Por eso les propuso renovarlo por otros tres años y actualizar el precio hasta los 1.300 euros, aún muy por debajo del coste por sus características y la zona. Fue entonces cuando se inició la campaña de intimidación que ha sido censurada en los tribunales de primera instancia.

“Intimidación ambiental” reconocida

El Sindicat de Llogaters fue el promotor y ha recibido un varapalo judicial, que avanza eldiario.es. La jueza de primera instancia estima como hechos probados las coacciones de algunos de los afiliados a la organización para intimidar a los propietarios y a los que eran sus gestores inmobiliarios, una agencia que renunció a representar a la familia Argelich tras varios días de acampada en su oficina.

La magistrada argumenta que la protesta generó una “intimidación ambiental a la que no pudieron ser ajenos ambos acusados en la medida en que se encontraron en todo momento en el interior del local” del administrador de fincas.

Recurso ante la Audiencia de Barcelona

El sindicato ya ha avanzado que recurrirá la resolución ante la Audiencia Provincial, ya que considera que supone “un intento” de frenar sus actuaciones. Con todo, su derrota no es total.
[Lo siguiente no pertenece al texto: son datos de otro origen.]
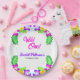Esta elegante placa de papel de aniversário tropical é perfeita para uma moderna festa de aniversário de verão. O simples design apresenta flores amarelas, roxas e magenta floridas com tipografia colorida elegante sobre fundo branco.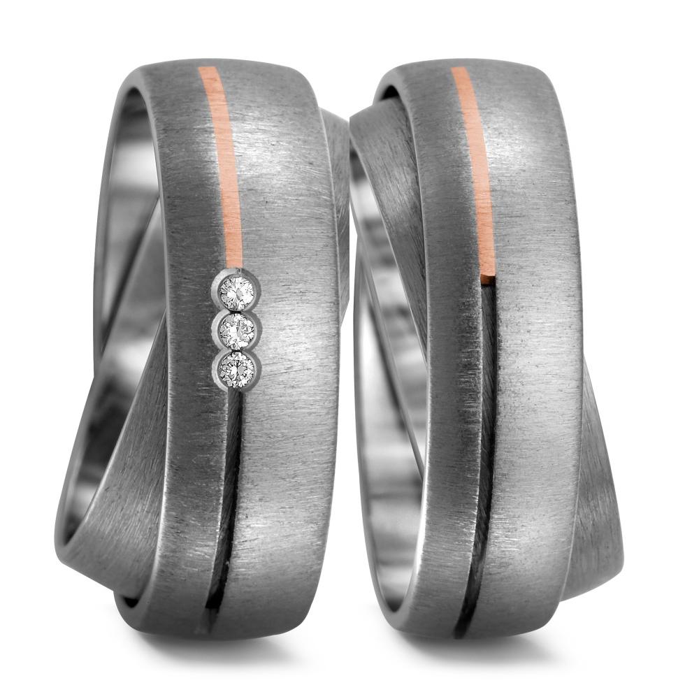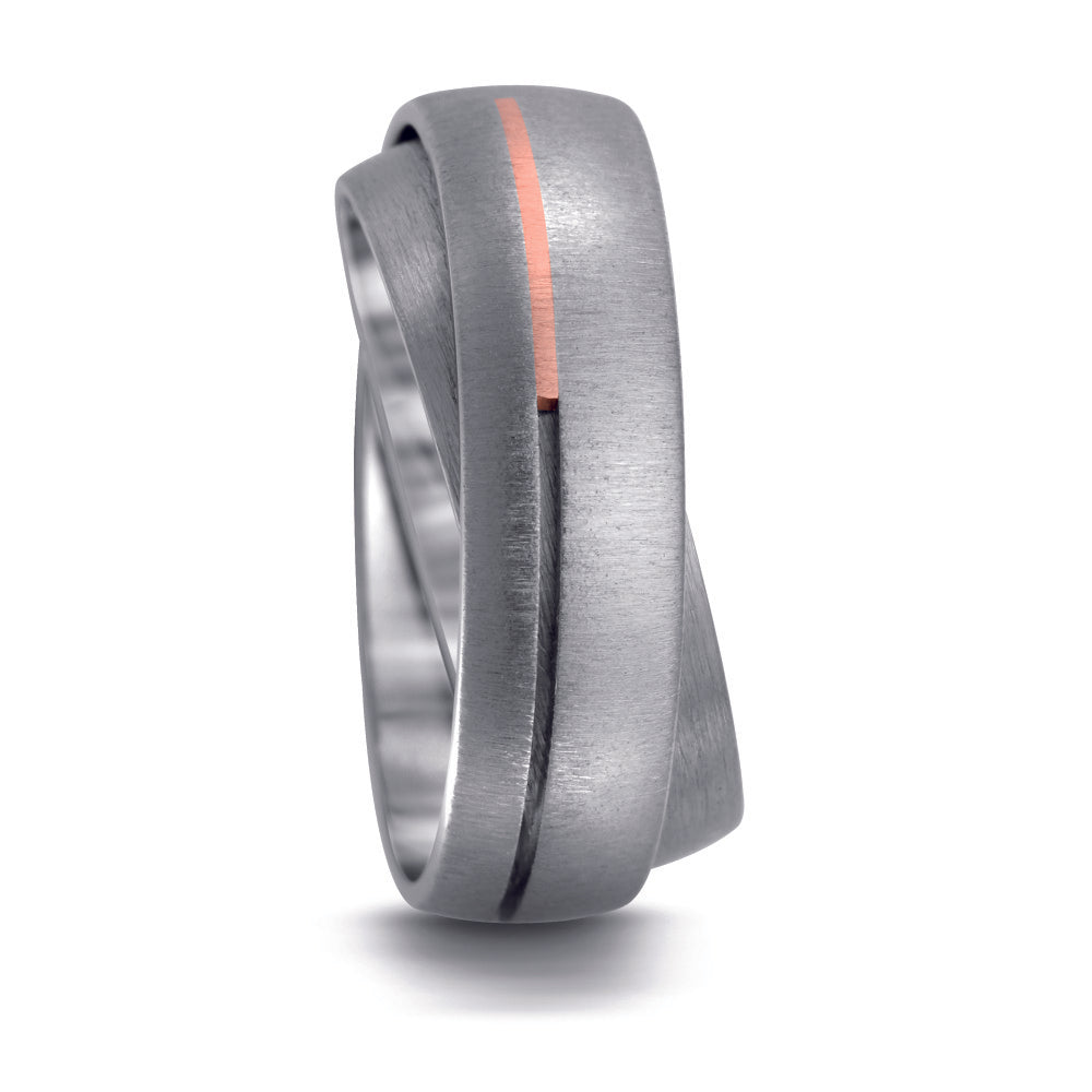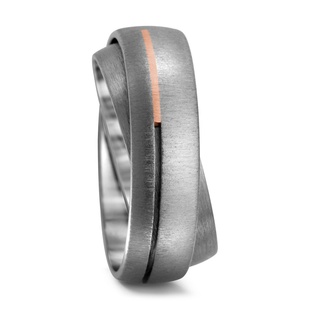Moderner Partnerring aus robustem Titan mit edlem 750er Rotgold-Akzent. Die matte Oberfläche und das einzigartige Design symbolisieren Verbundenheit und Stilbewusstsein. Perfekt für Paare, die eine langlebige und elegante Verbindung suchen. Komfortabel und zeitlos schön.

La jueza no acoge la totalidad de las pretensiones de la Fiscalía y de la acusación particular ejercida por la casera, ya que les pedían un año de cárcel.

Argelich recuperó al final su inmueble tras tres intento de desahucio por parte de Mossos d’Esquadra y el periplo judicial para conseguir una sentencia a su favor, ya que se demostró que Juan y Livia no eran una pareja vulnerable. De hecho, sus vecinos narraban el elevado estilo de vida que llevaban. La propietaria divulgó el lamentable estado del piso que dejaron los inquilinos tras el lanzamiento.

Además, este generó molestias destacadas en el resto de vecinos del inmueble. El Sindicat de Llogaters bloqueó las entradas y salidas del edificio para evitar que entrase el cuerpo de seguridad catalán, hecho que impidió que el resto de propietarios e inquilinos pudieran ir a trabajar, llevar a los niños a la escuela o ir al médico, tal y como denunciaron en ese momento.

Acoso a la propietaria

El acoso a la propietaria incluyó personarse ante la puerta de su vivienda y dejar octavillas en los buzones de todos los vecinos en las que le acusaban de un “trato inhumano” a los arrendadores, presentarse a la puerta del edificio donde trabajaba con pancartas e incluso con cámaras de TV3 y escraches constantes. También incluyó llamadas constantes a su domicilio y a su empresa. Por todo ello, causó baja laboral por ansiedad.

El lanzamiento definitivo tuvo lugar en 2019.